Sustainability programs are plentiful and important in helping people build more responsibly. However, obtaining the different building certifications can be cumbersome and expensive, making the prospect unreachable for many. We’ve seen the narrative of chasing the ultimate sustainable building play out repeatedly, only to be value-engineered when costs start rising. It’s frustrating for everyone and goes against our belief that we are responsible for our work’s impact on the environment. Earlier this year, Michael Petrovick Architects set a goal to take a more active role in educating our clients on the importance of building sustainably. Last month, we had an epiphany.
Finding the one opportunity for a project to be more sustainable is a worthy goal.
Three people from our office had the opportunity to attend sustainability conferences in April. Mike and Hunter headed to Building Energy Boston, hosted by NESEA, and Cory attended Better Building by Design, hosted by Efficiency Vermont. The takeaways from both conferences were similar, and for MPA staff centered around the idea that doing something is way better than doing nothing. Here are our takeaways:
- Deep retrofits aiming to get an old building to net-zero carbon aren’t always the right financial approach. In a cost-benefit analysis, the cost of new insulation, triple pane windows, and an airtight facade often outweighs the cost savings the owner can expect to recoup through reduced energy costs.
- In 2040, 60 percent of the building stock will include the buildings we see today. That means we need to get smart about upgrading these older buildings’ energy efficiency cost-effectively, and it probably means that the majority will not be able to achieve net zero.
- A Pretty Good House is good enough in many cases. Pretty Good House has a framework and guidelines for achieving an energy-efficient home that makes sense for you financially. A critical concept with this framework is to build the house you need, which is likely much smaller than the house you think you want.
- Information sharing is critical to building more sustainably. There was a common trait among the people attending these conferences. Everyone was eager to share information to better the profession, from a wall detail to a database of embedded carbon in materials.
- We need to be cognizant of both embodied carbon and operational carbon. Embodied carbon includes everything that goes into getting the building built (materials, manufacturing of those materials, delivery of the materials to the site, and energy used during construction). Operational carbon is the energy needed to operate the building daily (heating and cooling, electricity, and water use). We need to do a better job of constructing buildings out of materials that make environmental sense. That starts with limiting concrete and steel.
There is a place for formal certifications, particularly in providing frameworks for meeting sustainability goals. Here’s an overview of some of the more recognized programs.
Leadership in Energy and Environmental Design (LEED): This is one of the world’s most widely recognized green building certification programs. It provides a framework for designing, constructing, and operating sustainable buildings.

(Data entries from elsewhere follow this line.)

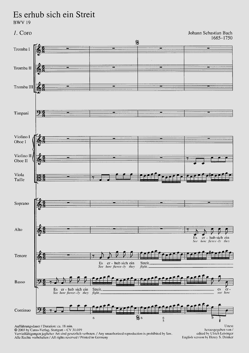 - Besetzung Gemischter Chor (SATB), Soli, 3 Trompeten, Pauke, 2 Oboen, 2 Violinen, 2 Violen und Basso Continuo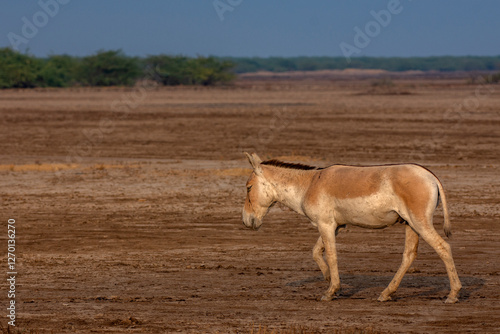© Rima, Fototapeta premium Wild Ass Grazing in Little Rann of Kutch Sanctuary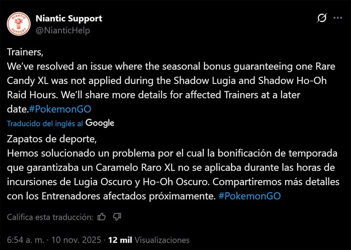 11/10 大糖果BUG補償 Pokemon GO 2025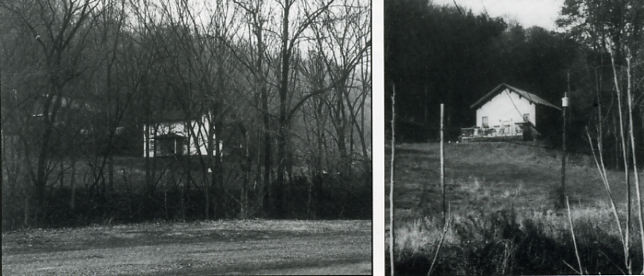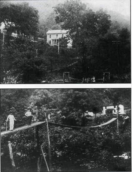 The top picture shows children crossing a trestle style bridge over Dry Run. The building obscured by trees was Rockport School. Notice the electric poles and lines running high over their heads.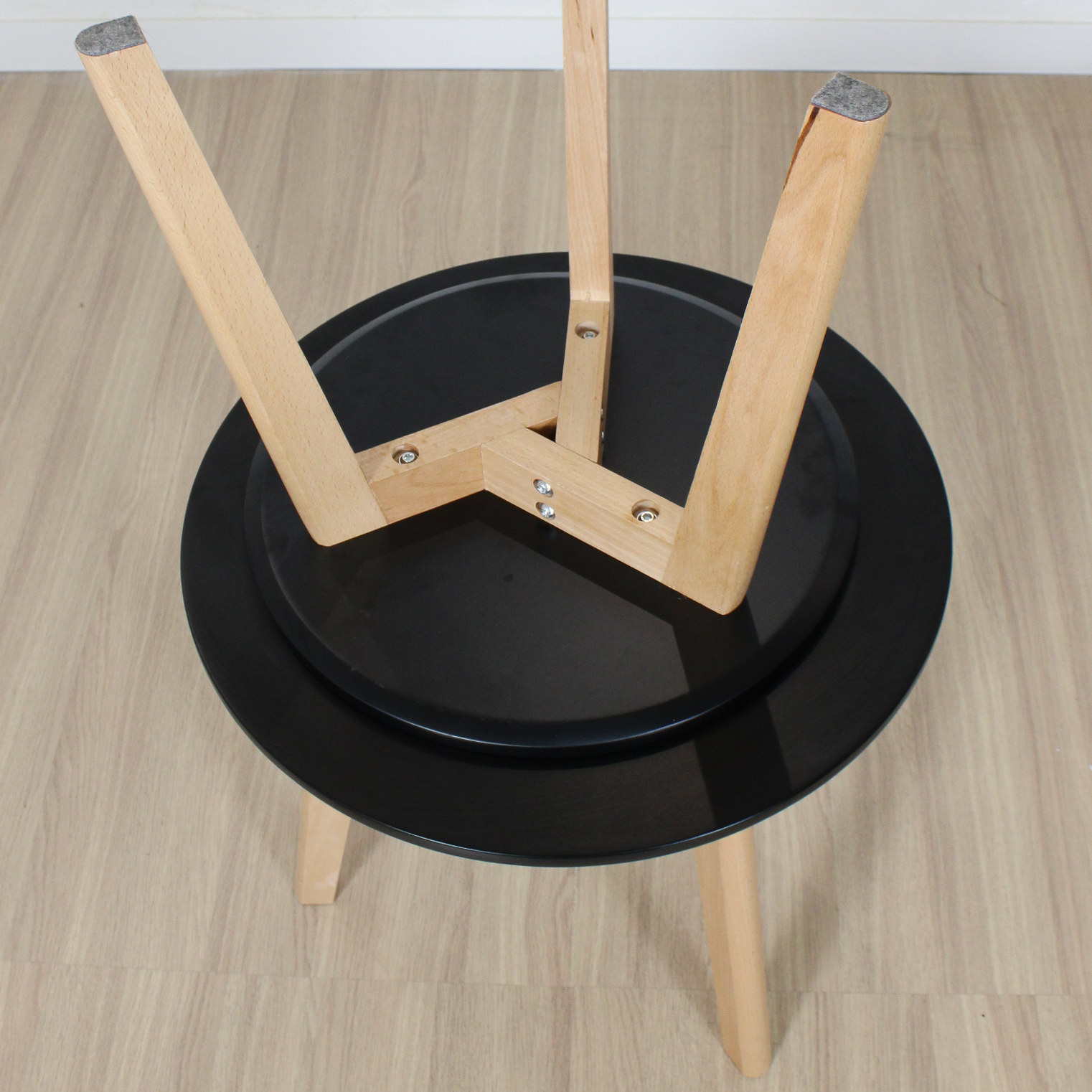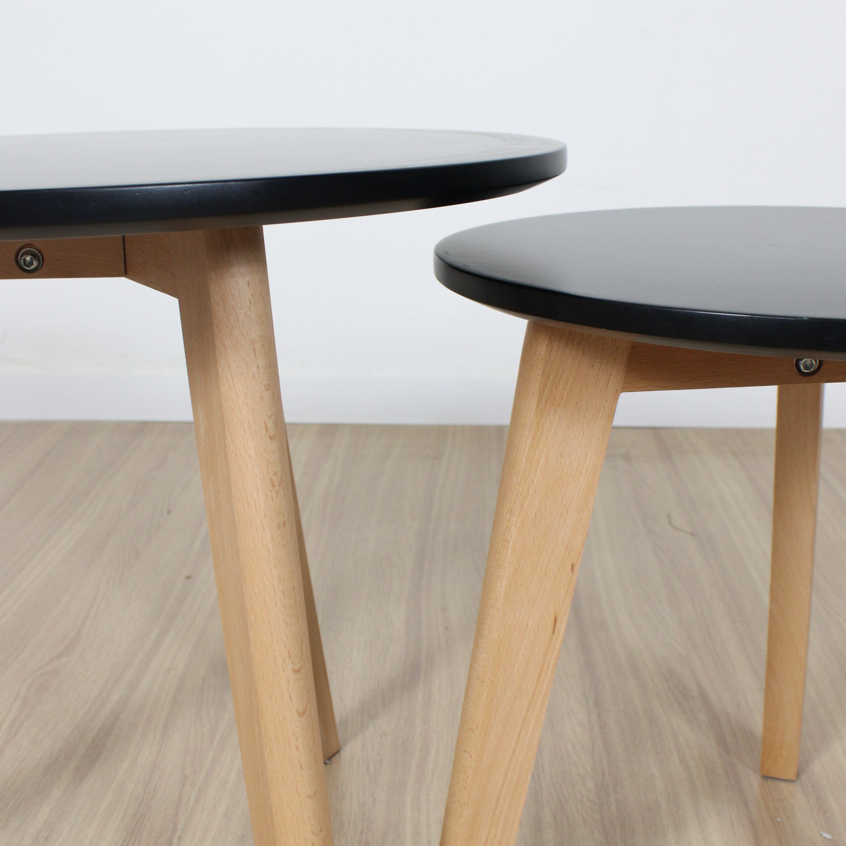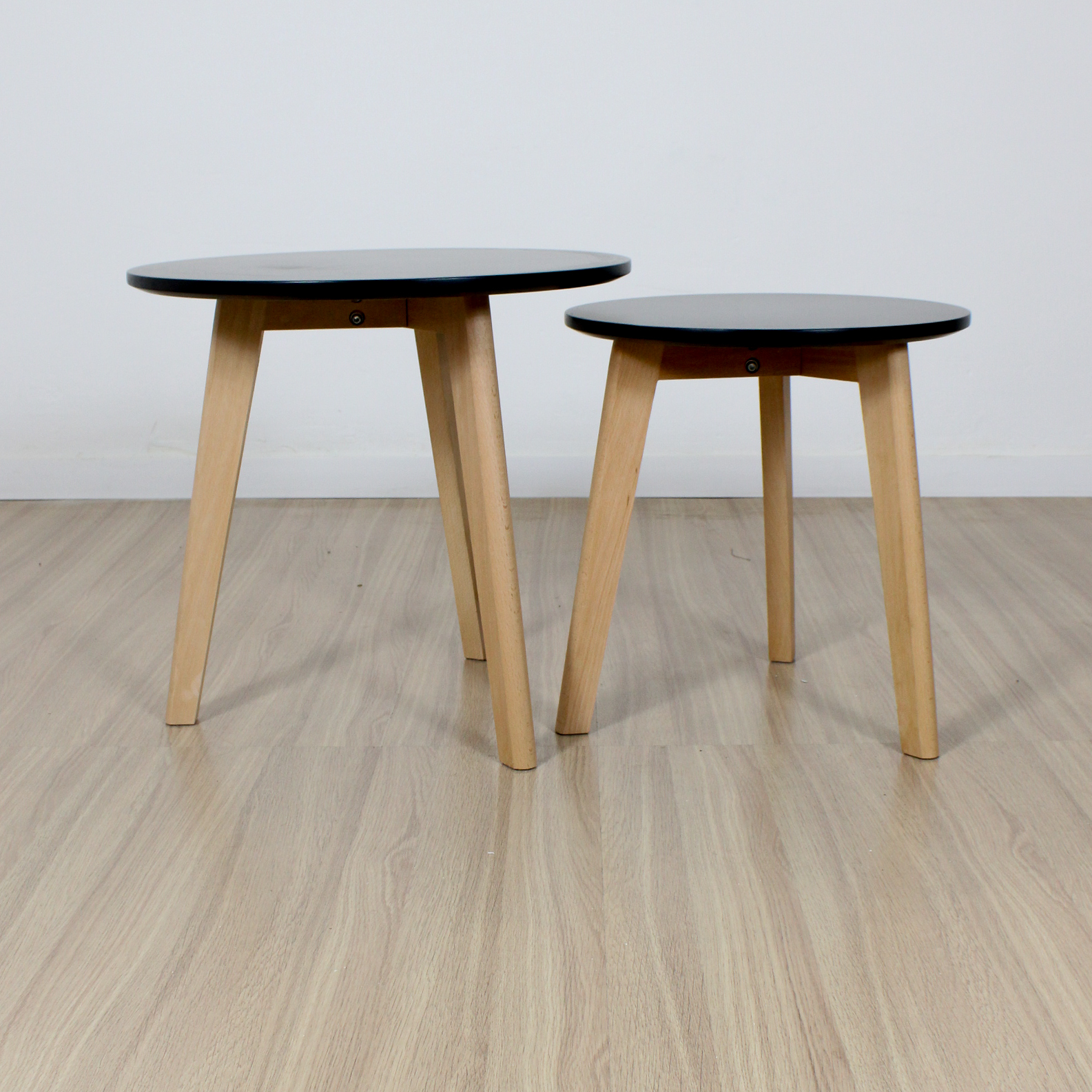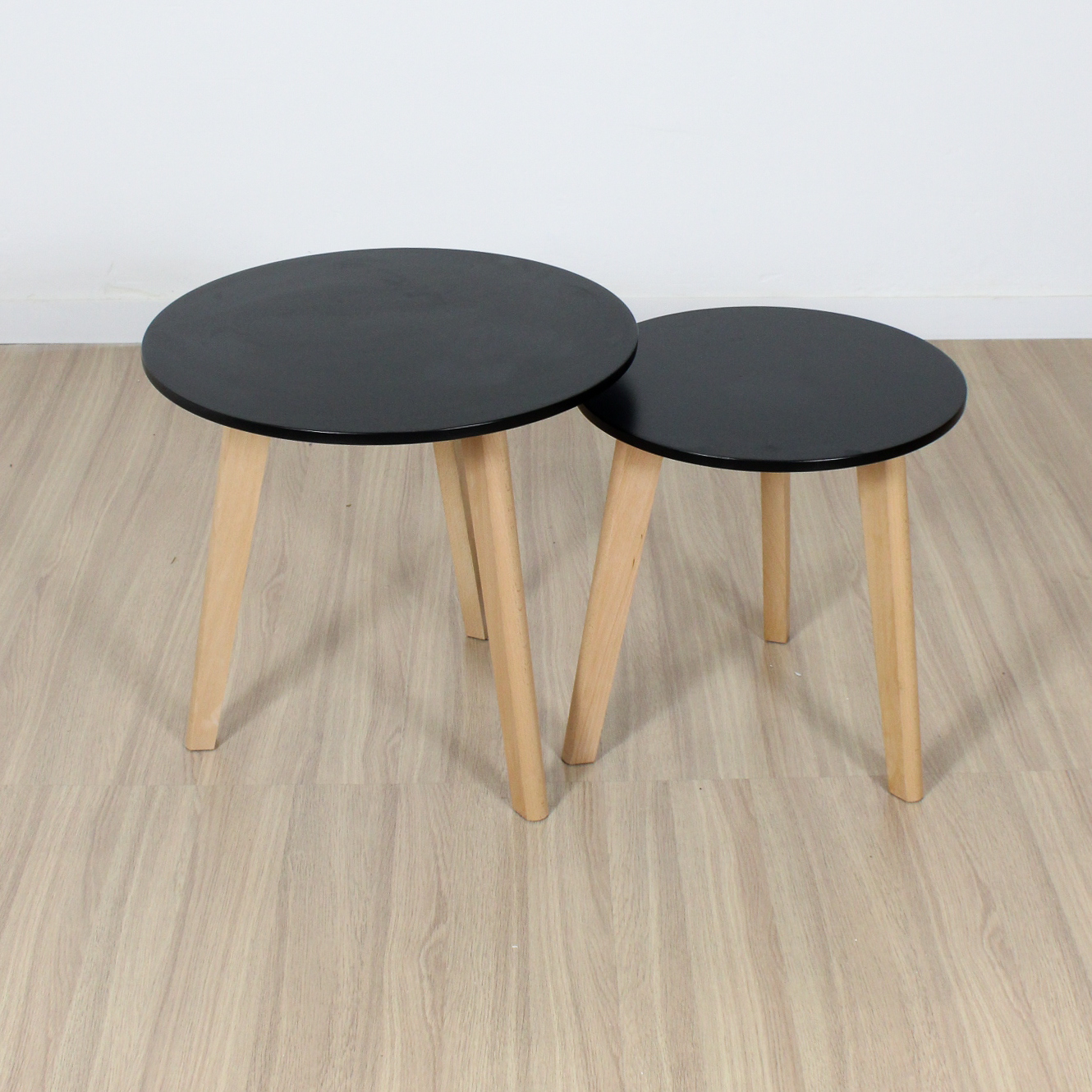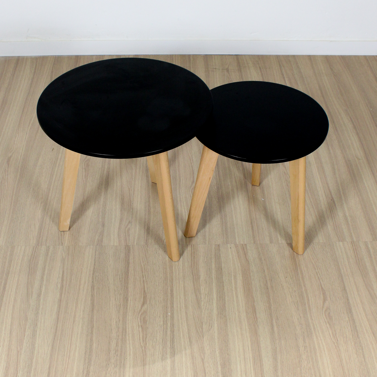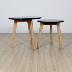 Mesa ratona doble redonda de diseño, laqueadas con patas de madera,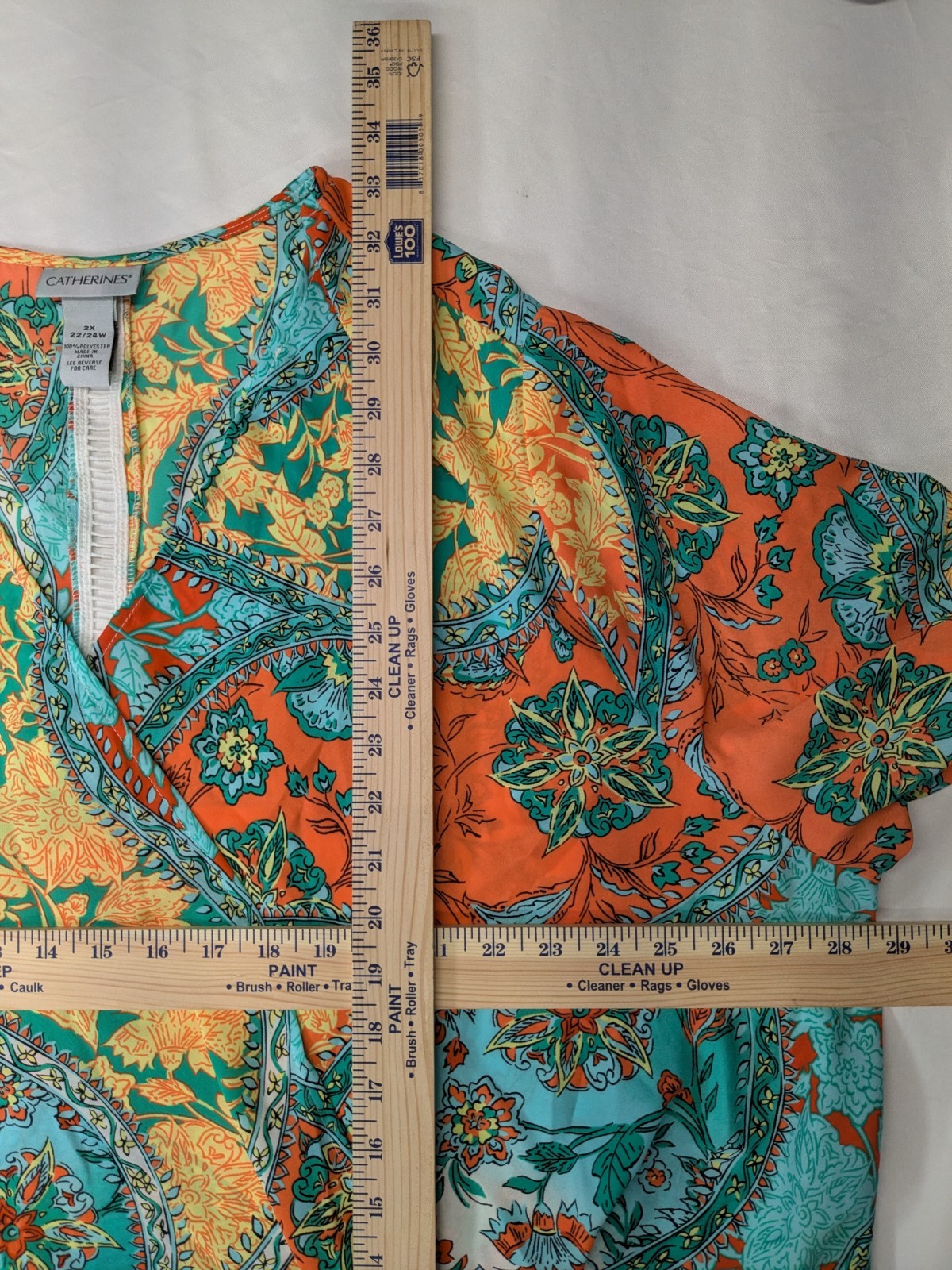 Catherines Chiffon Kimono Boho Womens Sz 2X Open Front Lightweight Cover Up A039

WELL Building Standard: This certification promotes human health and wellness in buildings by addressing factors such as air quality, water quality, lighting, and comfort.
Green Globes: This web-based program provides an interactive assessment and rating tool to evaluate the environmental performance of buildings in the United States.
Living Building Challenge: This certification focuses on creating buildings that operate as self-sufficient, regenerative ecosystems that enhance the surrounding environment and support human health and wellbeing.
Energy Star: This certification program is managed by the U.S. Environmental Protection Agency (EPA) and focuses on promoting energy efficiency in buildings.
Passive House: This standard is based on maximizing energy efficiency, minimizing environmental impact, and ensuring indoor air quality and comfort. Buildings that meet the Passive House standard are highly energy-efficient, with minimal heating and cooling requirements, resulting in lower energy bills and reduced carbon emissions.
Keep an eye out for more articles like this as we continue to meet our goal of educating our clients about small changes they can make to achieve big environmental gains.